Our result relies on the assumption of exact proportional allocation of the samples to lines based on their counts. In some situations, the number of units in a line might differ from the nominal count, so that an exact proportional allocation would not be made. We have shown that increasing the sample size in proportion to the likely variation provides a way to ensure that the desired sensitivity is still met.

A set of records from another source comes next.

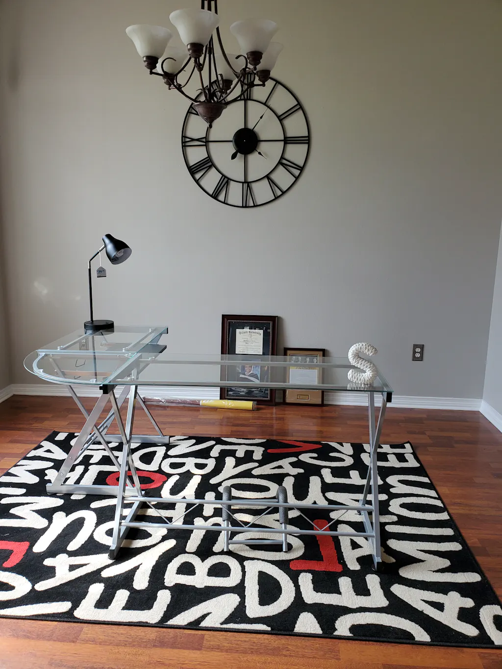 With the long and short sides reversible on the left or right hand. It is made with a heavy-duty 8 mm tempered safety glass desktop, scratch-resistant powder-coated steel frame. Its slide-out keyboard shelf equipped and is made of MDF wood laminate. The square glass desktop panels can each hold up to 66 lbs, the corner glass desktop panel have a 44 lbs weight capacity, and the keyboard shelf can hold up to 22 lbs. Color: Clear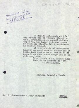 El president Aguadé felicita a Joan-Amado per haver obtingut el càrrec de tinent d'alcalde de Reus. Data del document: 11-02-1955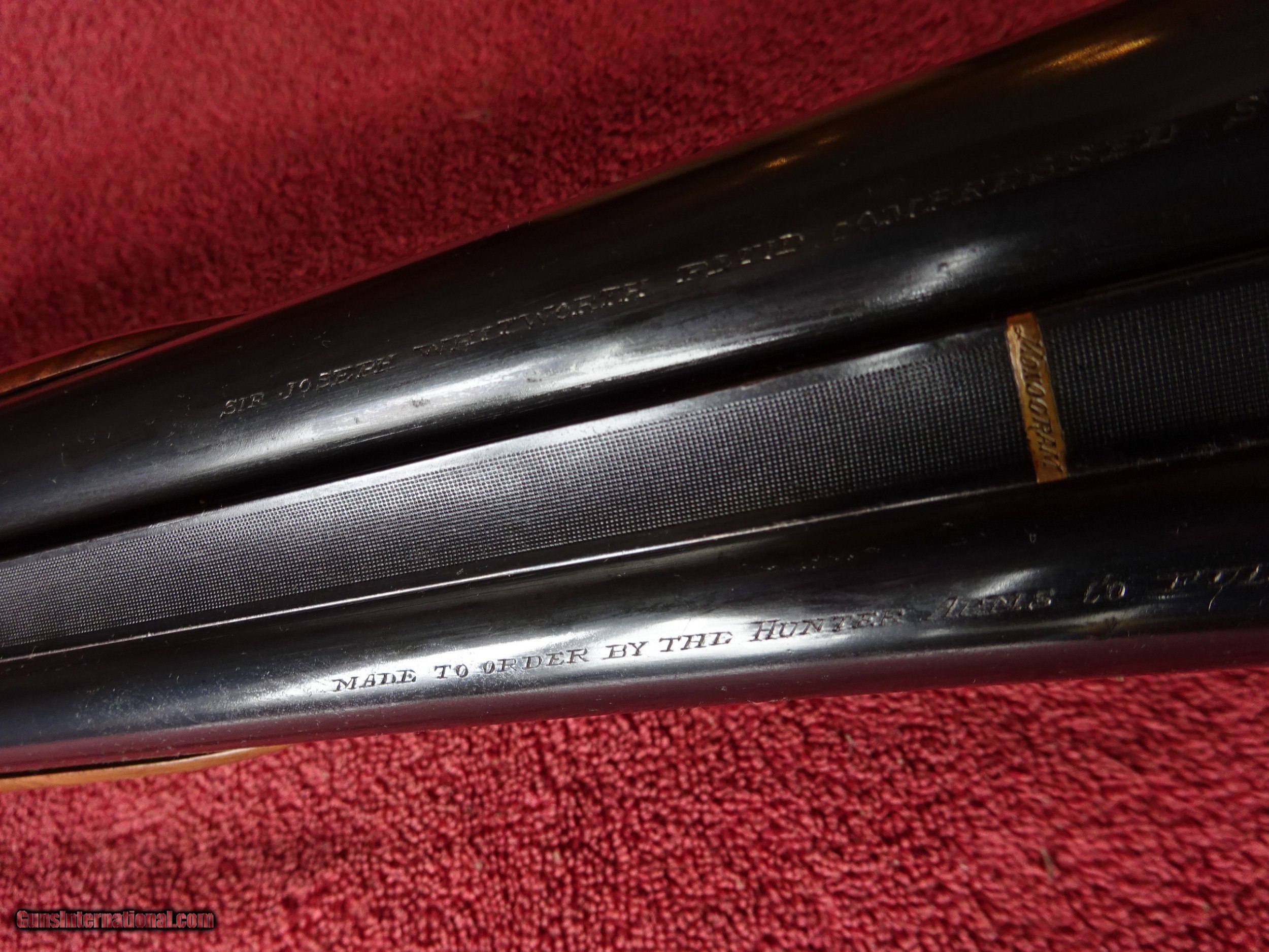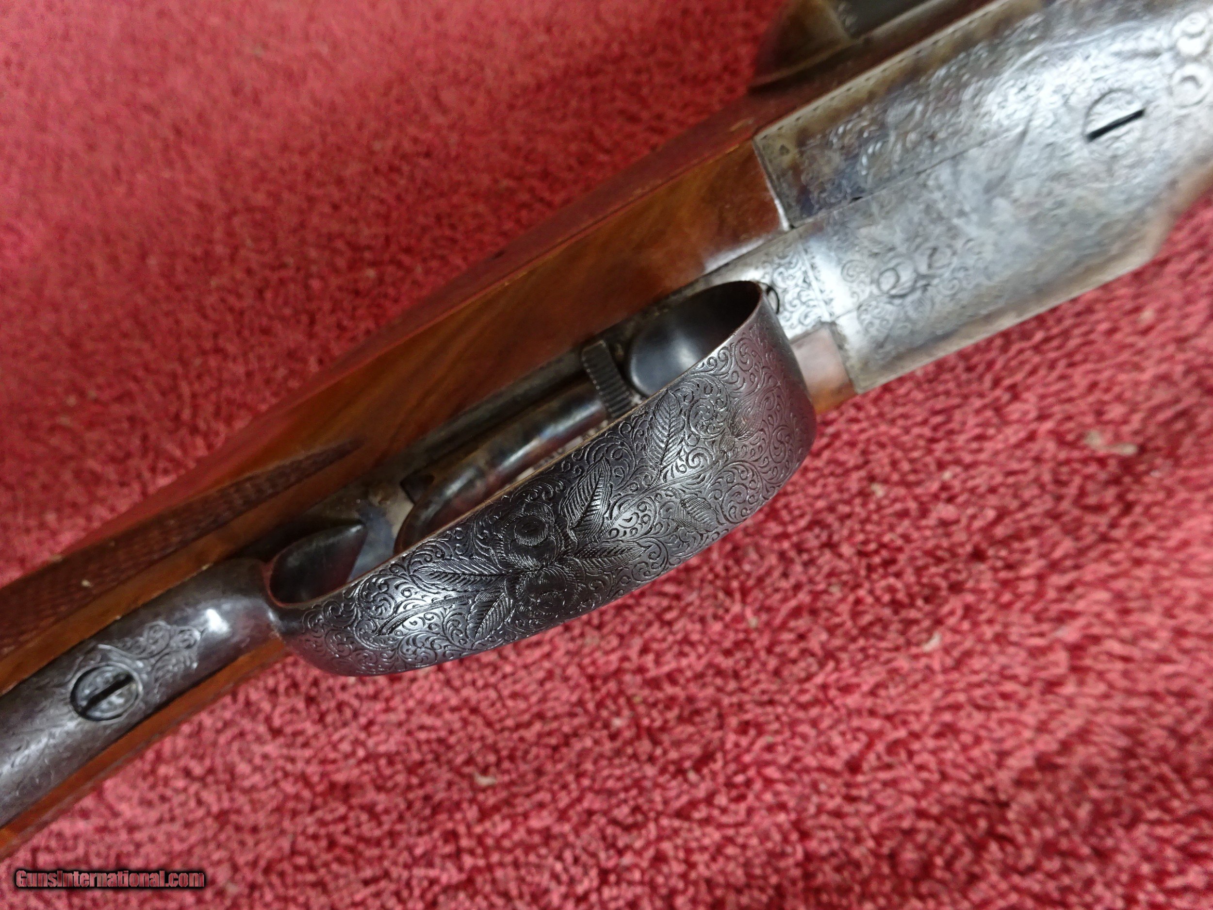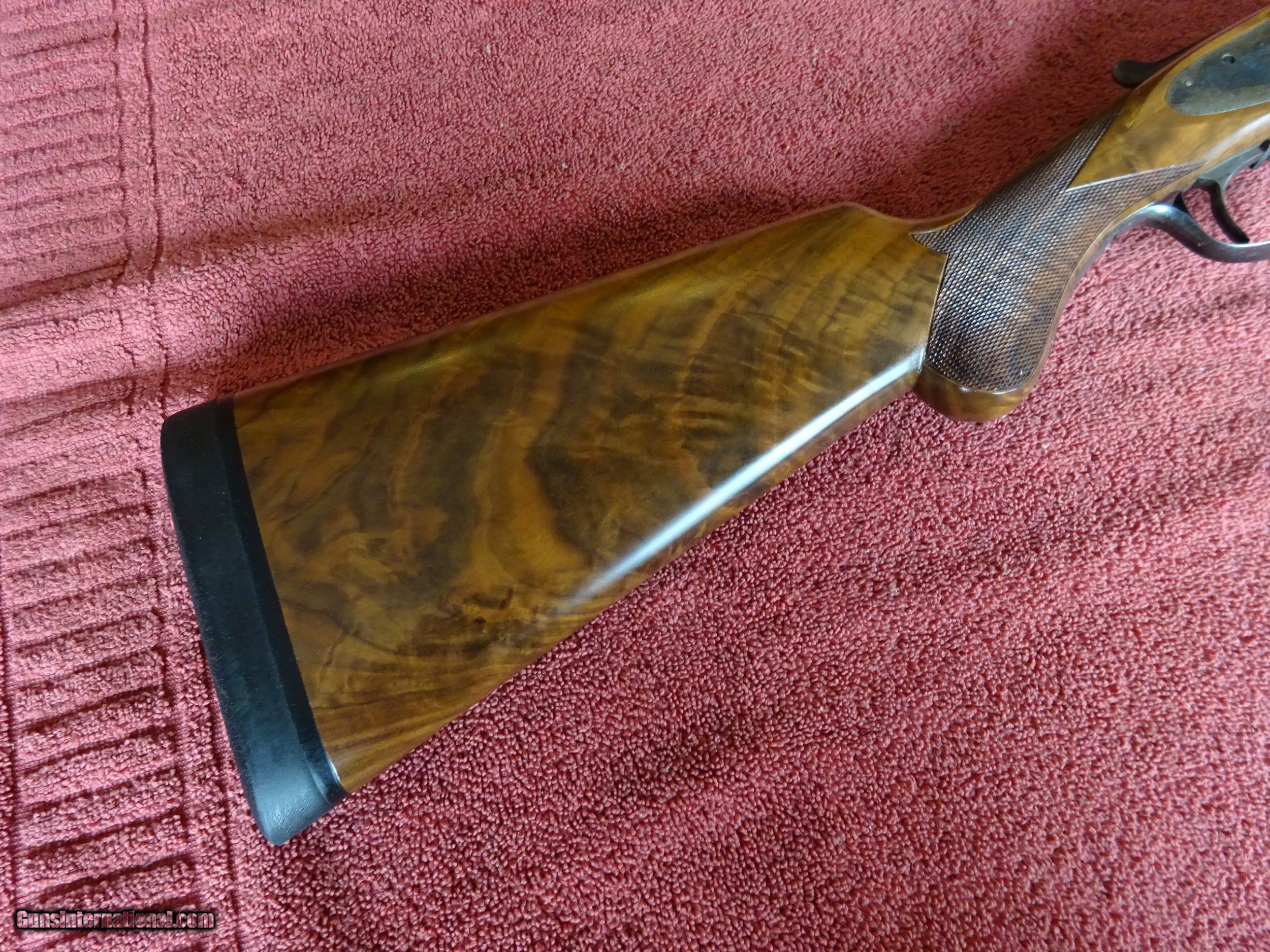 Description: L C SMITH, HUNTER ARMS CO., MONOGRAM GRADE 12 GAUGE. 30" SIR JOSEPH WHITWORTH FLUID COMPRESSED STEEL BARRELS, MODIFIED AND FULL, 2 3/4" CHAMBERS. EXCELLENT BLUE, MIRROR PERFECT BORES, TWIN SIGHTS, ENGRAVED AT BOTH ENDS AND GOLD BAR INLAY ENGRAVED "MONOGRAM" AT RIB EXTENSION, BARRELS RING NICELY. REGULAR FRAME WITH EXCELLENT CASE COLOR, FULLY ENGRAVED, 100% COVERAGE. PAIR OF PIGEONS INFLIGHT ON BOTH LOCKS, DUCK INFLIGHT ON THE FLOOR PLATE, EXTENSIVE FINE SCROLL, GORGEOUS FOLIATE, AND INTRICATE BORDERS. GOLD INLAYED "L. C. SMITH" ON BOTH LOCKS, GOLD INLAYED SAFETY, AUTOMATIC EJECTORS, MILLER SINGLE SELECTIVE TRIGGER. TOP LEVER TO THE RIGHT, TIGHT ON FACE. ROUND KNOB GRIP STOCK, BEAVERTAIL FOREARM, BEAUTIFUL HIGHLY FIGURED WALNUT, FINE CHECKERING. GREAT DIMENSIONS, 1 3/8" X 2 3/8" X 14". JUST OVER 8 POUNDS. MADE IN 1909, ONLY 127 WERE MADE IN THIS CONFIGURATION. PRE-1913 SMITHS ARE HIGHLY SOUGHT AFTER. GORGEOUS GUN, MONOGRAM GRADE PRODUCTION AVERAGED LESS THAN 6 GUNS PER YEAR. $12,500.00 + $70.00 Insured shipping to an FFL address. See all Pats gun listings on this site! We also have hundreds of pieces of ORIGINAL gun company advertising & memorabilia available for sale on our site SPORTINGCOLLECTIBLES. We have no reprints or reproductions. Email for more information. SOLD Curio/Relic: Yes |

Furthermore, our result assumes that the sampling is done randomly within each line. If contamination is likely to be clustered and the sampling is not random (for example inspecting all fruit within a number of randomlyselected boxes) a different method must be used to determine the sample size (e.g.
Using a proportional allocation of the sample might not be prudent when the number of items in one line greatly exceeds the number in the other lines. An example of this might be with one line being melons, and one of the other lines being cherries. The problem is that proportional allocation might result in only one or two units being selected from lines with few units. While the lines with few units might only contribute a small proportion of the contamination, there may be misgivings that they haven’t been adequately inspected. One way this could be resolved is by considering them to be, from the point of view of sampling, two separate consignments. Another alternative might be to consider a box of cherries as the unit, which might give comparable unit numbers in the lines.
Another solution might be to top up the calculated number of samples to make a minimum sample per line. This would guard against missing gross contamination in a line with few units which, while not contributing greatly to the overall contamination, would be of concern if present. For example, a minimum sample of 30 in a line would detect a contamination rate of 10% in that line with a 95% probability. The other advantage in having a minimum sample size would be that information about that particular item type or source would be more quickly accumulated.
If the types of contamination in some lines are thought to have greater consequences than others, one could take extra samples above what is required in those lines, for example take twice as many. While taking extra samples is a form of nonproportional allocation, it is based on the number determined by proportional allocation: taking extra samples above the proportional allocation would increase the sensitivity of the inspection. However, to ensure the design sensitivity is met for a more general division of the sample numbers between lines (such as equally between the lines), no line should have fewer samples taken from it than the number determined by proportional allocation.
Finally, it cannot be emphasized enough: when the sample is stratified proportional to the stratum size, if contamination is found, even if it is in just one line, the whole consignment has to be deemed noncompliant and subject to whatever requirement noncompliance imposes. If this is not acceptable, then individual lines (or groups of lines) must be inspected separately, with each component subject to the specified compliance test.